It’s almost November that around here that means NaNoWriMo.
NaNoWriMo is a huge part of my life. Historically it’s important. Winning my first NaNo honestly changed my life. It showed me that I could write a novel, it infused me with confidence about my writing (which is odd because that novel was freaking terrible) and it was the beginning of NaNoLJers. It lead, directly or otherwise, to my leaving my former job and really making writing more than a hobby.
I’ve done NaNo every year since 2003, I’ve won every year since 2005. There is no challenge in it for me anymore.
I could just try for more words, but despite the whole quantity over quality thing, simply writing more for the sake of writing more doesn’t make sense to me. As it is I keep writing until the story is over, I don’t just stop at 50,000 but intentionally padding it wouldn’t really make NaNo more challenging, it would just make it take more time.
A couple years ago Danica did NaNo. That helped me stay engaged. I got one of her friends involved as well and saw it as my sub-mission to help herd the two of them toward the finish line. It worked. I wrote my 50k and helped Dani and her friend reach their goals through write-ins, pretzels and encouragement.
The next year (last year) we created teams on NaNoLJers and I used that as my motivating factor — I wanted to win NaNo and lead my team to winning the NaNoLJers cup. It worked. I was engaged with the process, I finished my novel and helped my team win the cup. Yay!
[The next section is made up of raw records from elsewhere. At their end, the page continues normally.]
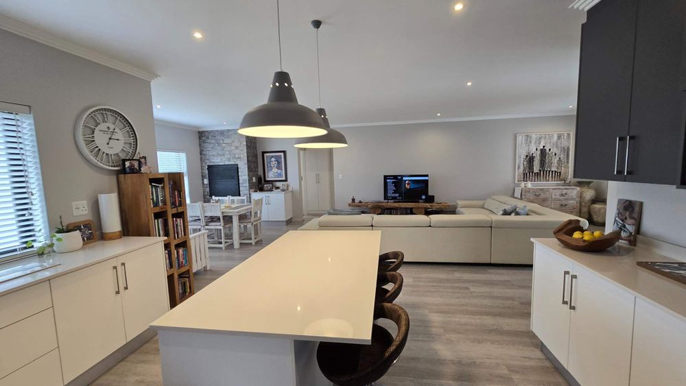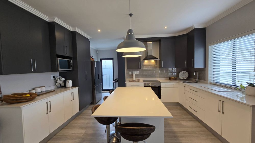 This modern, immaculate 3-bedroom house epitomizes refined living. Featuring an open-plan living area with elegant vinyl flooring, a well-equipped scullery, two bathrooms, and a double garage, this home is tailored for a convenient lock-up-and-go lifestyle. Experience seamless indoor-outdoor flow, quality finishes, and spacious interiors that make everyday living effortless.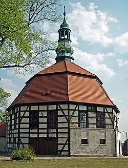- Die katholische Kirche der hll. Peter und Paul (Kościól ŚŚ Piotra i Pawła) wurde 1731–1734 in Fachwerk-Bauweise an der Stelle mehrerer Vorgängerbauten errichtet. Der Glockenturm entstand 1837.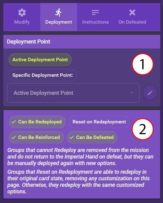 | (2) | You can decide whether this group can be reinforced, redeployed and/or defeated and whether all customizations should be reset on defeat. |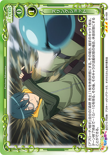 | [アプローチ/相手]:自分の「森野 亮士」1枚を休息状態にする。その場合、相手のキャラ1枚は、ターン終了時まで-10/-10を得る。その後、そのキャラが活動状態の場合、休息状態にすることができる。 | ||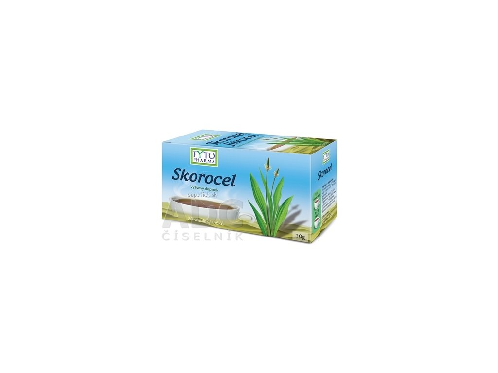 Výživový doplnok obsahuje porciovaný skorocelový list (Plantago lanceolata).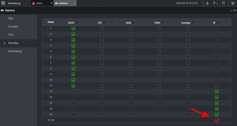 Sie finden die Einstellung unter Verwaltung > Kamera > Kanaltyp > Wählen Sie hier den untersten Punkt rechts, in der letzten Zeile. (Abb. zeigt die Webseite des Rekorders, lokale Anzeige kann abweichen)

This year… this year I don’t have any external motivation and I’m not feeling it. I’m detached. Danica is doing NaNo again, and we have teams on NaNoLJers. It’s my intention to help motivate both my child and my team toward victory, and of course I’ll write my 50,000 words (at least), but I’m very lethargic about it. I wish I were impatient for the month to start, or excited, or hell, even nervous, but really… mostly I’m bored.
And that sucks.
Especially since I talked the teacher I volunteer with into doing NaNoWriMo in her classroom this year.
Hopefully I’ll find some motivation somewhere, some driving force that will infuse me with some enthusiasm. The grade twos, maybe. If I don’t I’ll still do NaNo, I’ll still write 50,000 words (or more) on See The Sky Again, and I’ll still win, but it would sure be nice to enjoy it while I’m doing it.
How about you? Are you doing NaNoWriMo? Are you excited about it? What are your goals?